When Steve Jobs passed away, at only 56 years old, the world lost a bright visionary innovator. But I’m not going to talk about loss, for the legacy Jobs left was an enormous gain for the world. He was a man who, for better or worse, trusted his gut, his inner voice, even when it made him unpopular, and even when it led to what seemed at the time to be disaster, such as getting fired from his own company:
“I didn’t see it then, but it turned out that getting fired from Apple was the best thing that could have ever happened to me. The heaviness of being successful was replaced by the lightness of being a beginner again, less sure about everything. It freed me to enter one of the most creative periods of my life.”

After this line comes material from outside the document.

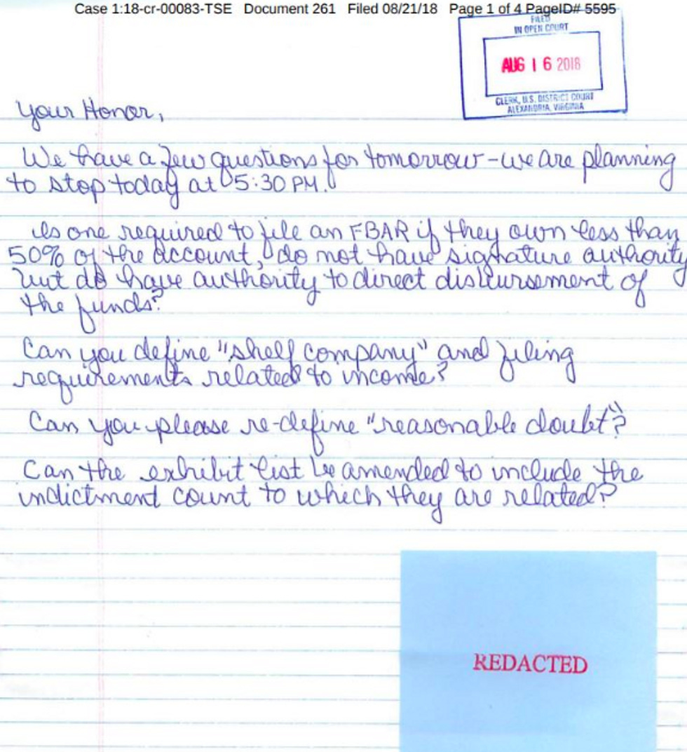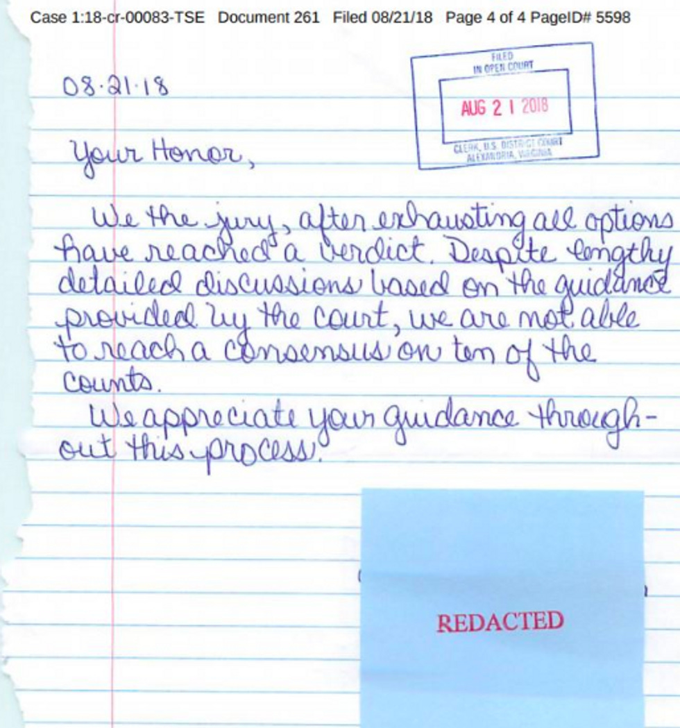 Now that they've pulled back the curtain on jury deliberations, we know that there was an issue with a juror on day 9 ( told ya so! ). CBS reports that one member of the panel had called the defense's cross examination of a witness "weak," but Judge T.S. Ellis determined there was no bias after questioning each juror individually.
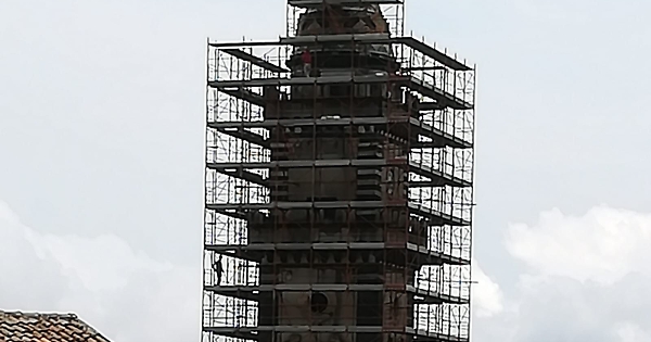 Si parla sempre di evitare le disgrazie sul lavoro, ma non si fa nulla. A Pedara, per ripristinare la cupola della Chiesa Madre, gli operai lavorano su impalcature di legno, a circa 30 metri dal suolo, senza alcuna protezione. Basterebbe un capogiro, un colpo di vento e poi... Così si muore per un piatto di pasta.

And this is the key to being visionary. It isn’t in young geniuses tinkering in their garage. It is in the seasoned, fallible humans who use an unexpected and unwanted transition as an opportunity to reinvent themselves in ways that surpass anything they accomplished in the past.
In other words, no one is born to greatness. We all have that visionary voice inside us. Those who become truly great in this world are just like everyone else except for one thing—they listen to that voice, even when it’s saying what they don’t want to hear, what they are afraid to hear—even when every other voice around them is telling them the exact opposite.
The more you tap into that visionary inside you, the more opportunities will present themselves when you are prepared to act on them. As Jobs described of his own success, “You can’t connect the dots looking forward; you can only connect them looking backwards. So you have to trust that the dots will somehow connect in your future. You have to trust in something — your gut, destiny, life, karma, whatever. This approach has never let me down, and it has made all the difference in my life.”
No matter what age or stage of life you are in, the only way you’ll be able to connect the dots to create your vision is if you put those dots out there today. Listen to that voice and start leaving your mark. Everything else is secondary.
What does being a visionary mean to you?